Bobot beberapa wasilah (perantara) tindakan yang bertentangan dengan syari’ah itu berbeda-beda sebab perbedaaan kehinaan tujuan dan bahayanya. Maka perantara tujuan yang paling hina merupakan perantara paling hina dari pada perantara-perantara lainnya. Oleh sebab itu, perantara ketidaktahuan tentang dzat dan sifat Allah lebih hina dari pada perantara ketidaktahuan tentang hukum-hukumNya. Perantara pembunuhan lebih hina dari pada perantara perzinaan. Perantara perzinaan lebih hina dari pada perantara makan dengan jalan yang tidak benar. Menolong pembunuhan dengan mencegah makan dan minum lebih jahat dari pada menunjukkan pembunuhan … Dan semakin kuat suatu perantara dalam mengantarkan pada suatu bahaya, maka dosanya lebih besar dari pada dosa pengantar bahaya yang lebih rendah darinya.  

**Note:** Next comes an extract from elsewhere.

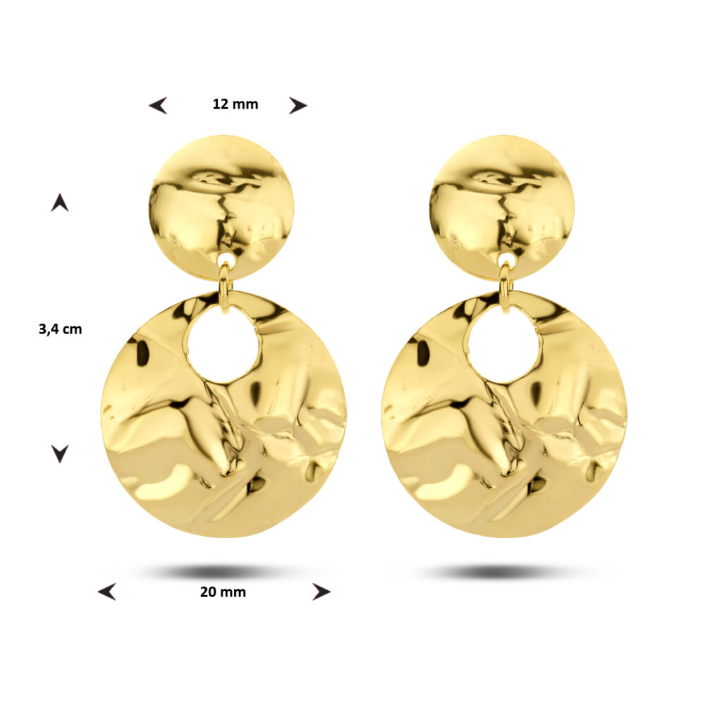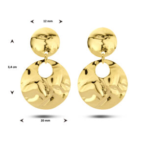 Geelgoud op 925 zilveren ronde oorhangers. De oorhangers hebben een totale hoogte van 3.4cm en een breedte van 20mm.

3. Al-Tasyri’ al-Jina’i al-Islami [3]

وَالتَّغْيِيْرُ لاَ يَكُوْنُ إِلاَّ فِي الْمَعَاصِي الَّتِيْ تَقْبَلُ بِطَبِيْعَتِهَا التَّفْسِيْرَ الْمَادِّى. أَمَّا مَعَاصِي اللِّسَانِ وَالْقَلْبِ فَلَيْسَ فِي اْلإِسْتِطَاعَةِ تَغْيِيْرُهَا مَادِّيًا، وَكَذَلِكَ كُلُّ مَعْصِيَّةٍ تَقْتَصِرُ عَلَى نَفْسِ العَاصِي وَجَوَارِحِهِ الْبَاطِنَةِ

Dan usaha mengubah kemaksiatan hanya bisa dilakukan pada maksiat yang secara alamiah bisa ditafsirkan secara fisik. Adapun perbuatan maksiat lisan dan hati maka secara fisik tidak mampu diubah. Begitu pula setiap maksiat yang hanya ada di diri dan batin dan hati pelaku maksiat.  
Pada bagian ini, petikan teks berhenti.